After configuring these, test Copilot’s behavior: e.g., label a document as Secret and try asking Copilot about it with a user account. You should find Copilot refuses or gives a generic answer if policies are correctly in place. Over time, review Copilot-related DLP events in Purview reports to see if it attempted to access something blocked – this indicates your policies are actively protecting data.
Policies for Third-Party AI Tools (e.g. ChatGPT, Bard, etc.): Third-party AI apps are outside the Microsoft 365 ecosystem, so policies focus on monitoring and preventing sensitive data from leaving your environment:
Endpoint DLP for AI Websites: As discussed in the setup, configure Endpoint DLP rules to cover major AI sites. Microsoft Purview comes with a built-in list of “supported AI sites”[2] (this includes OpenAI’s ChatGPT, Google Bard, Claude, Microsoft Bing Chat, etc.). You can use this list in your DLP conditions so that the rule triggers when any of those sites are detected. The policy can be in block mode or user override mode. For SMBs, a common approach is to warn/justify – i.e. when an employee tries to paste corporate data into ChatGPT, show a warning: “This action may expose sensitive data.

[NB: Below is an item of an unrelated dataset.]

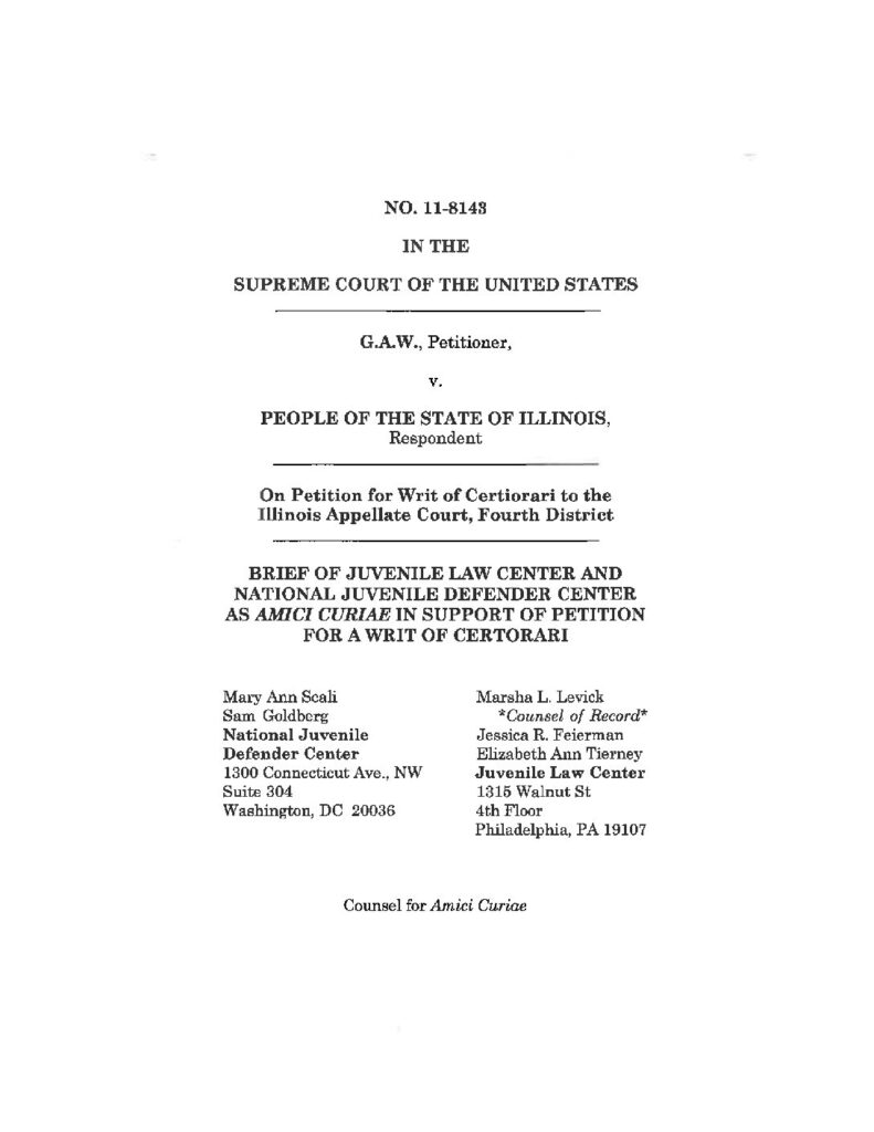 This amicus brief by Juvenile Law Center and The Gault Center argues Illinois automatic transfer law does not comply with recent research and findings on adolescent development as recognized by the Supreme Court jurisprudence in Roper and Graham. Further, amici argue the state’s automatic transfer statute violates the proportionality clause of Article I, Section 11…

Are you sure?” The user can then either cancel or proceed with justification, and the event is logged[3]. High-risk or highly sensitive cases should be outright blocked and logged. Purview’s one-click “Block sensitive info from AI apps in Edge” policy uses exactly this approach, targeting a set of common sensitive info types (financial info, IDs, etc.) and blocking those from being submitted to AI web apps via Edge[3]. You can customize the sensitive info types and message per your needs. For example, you might add keywords unique to your company (like project codenames) to the policy to ensure those cannot be shared with external AI.
Insider Risk Management (IRM): For an SMB with an E5 Compliance/Purview add-on, Insider Risk Management policies can complement DLP. An IRM policy can watch for patterns that suggest risky behavior, even if individual DLP rules weren’t violated. For AI, Microsoft provides a template “Detect risky AI usage” – this looks at prompt and response content from Copilot and other AI and if a user is frequently attempting to input or extract large amounts of sensitive data, it raises their risk level[3]. It essentially correlates multiple AI interactions over time. If an employee starts copy-pasting client lists into various AI tools, IRM might flag that user for a potential data leakage risk, prompting further investigation or mitigation (like removing their access to certain data). While setting up IRM can be complex (requires defining risk indicators, etc.), the preset AI-focused policy simplifies it for you. SMBs should consider enabling it if they have the license, as it provides an additional safety net beyond point-in-time DLP rules.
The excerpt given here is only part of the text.